## Reading numpy structured from a text file

Numpy has a very nice feature: a structured array, that is an array in which rows have some structure and can store different types of data in each column.

For example:

```>>> import numpy as np
>>> arr = np.zeros(10, dtype=[['id', np.uint16], ['position', np.dtype('3float32')], ['momentum', np.dype('3float32')]])
```

We have defined a structured array in each row we store: id of a particle (unsigned int), its position (three floats) and momentum (again three floats).

You can easily select from this array:

```>>> arr['position'] # positions of all particles
>>> arr[0]['position'] # position of first particle
>>> arr[arr['id']=1]['position']  # positions of all particles with id equal to 1
```

This is a nice format because:

• Your data has structure.

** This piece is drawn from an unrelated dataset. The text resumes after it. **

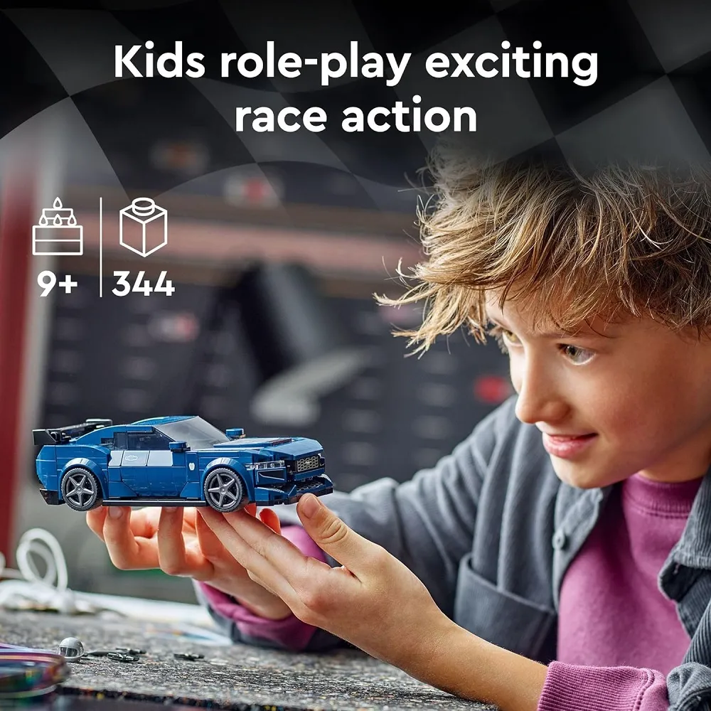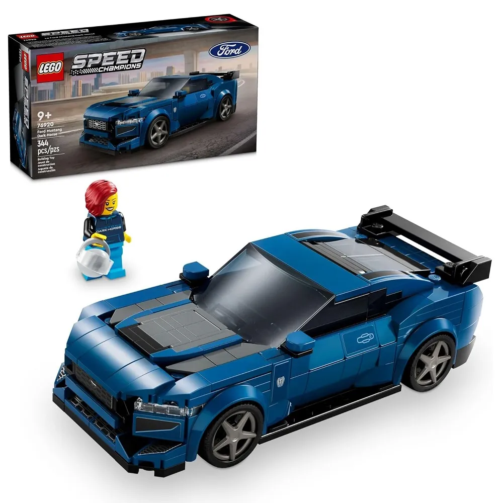 The LEGO Speed Champions Ford Mustang Dark Horse Sports Car (76920) toy vehicle is a faithful brick-built version of the powerful real-life model from the iconic American car maker. Kids aged 9+ will love to collect, build, display and play out action with this blue toy car. The Ford Mustang toy car features several authentic design features: the rear wing, distinctive grille, headlights, tailpipes, Ford logos and detailed interior with a gearshift and dashboard.

No more off-by-one errors: particle position is labeled.
• Very easy to load from binary files

Loading from text files is an entirely different matter --- because writing to such arrays is kind of pain.

My requirements were:

• Array structure is the same as source file structure (order of fields is the same)
• Array structure is defined only in a single place: that is the dtype definition

## Solution

The solution is to:

• Read file line by line parsing contents to an unstructured array.
• Create a structured view
• Should be fast, that means no copying of large arrays.

Actual dtype used:

```URQMD_DATA_DTYPE = [
("time", np.float32),
("position", np.dtype("3float32")),
("energy", np.float32),
("momentum", np.dtype("3float32")),
("mass", np.float32),
("particle_type", np.float32),
]
```

Helper function that takes structured dtype, and turns it to dtype that has the same number of fields but is unstructured:

```def serialize_dtype(dt):
dt = np.dtype(dt)
newdt = []
for item in dt.descr:
if len(item) == 2:
count = 1,
name, type = item
else:
name, type, count = item
if len(count) > 1:
raise ValueError()
count = count[0]
for ii in range(count):
newdt.append(type)
return np.dtype(", ".join(newdt))
```

Now frame is a list of lines from text file.

```parsed = np.zeros(len(frame), dtype=serialize_dtype(URQMD_DATA_DTYPE)) # Create array without structure
for ii, line in enumerate(frame):
data = [float(x) for x in line.split()] # Parse lines
#-- ignoring wheher it is a float or int
parsed[ii] = tuple(data) # Now numpy will convert single row to proper types
parsed = parsed.view(URQMD_DATA_DTYPE) # Create a structured view (no copy!)
```

Sound simple but took me some time to get it right.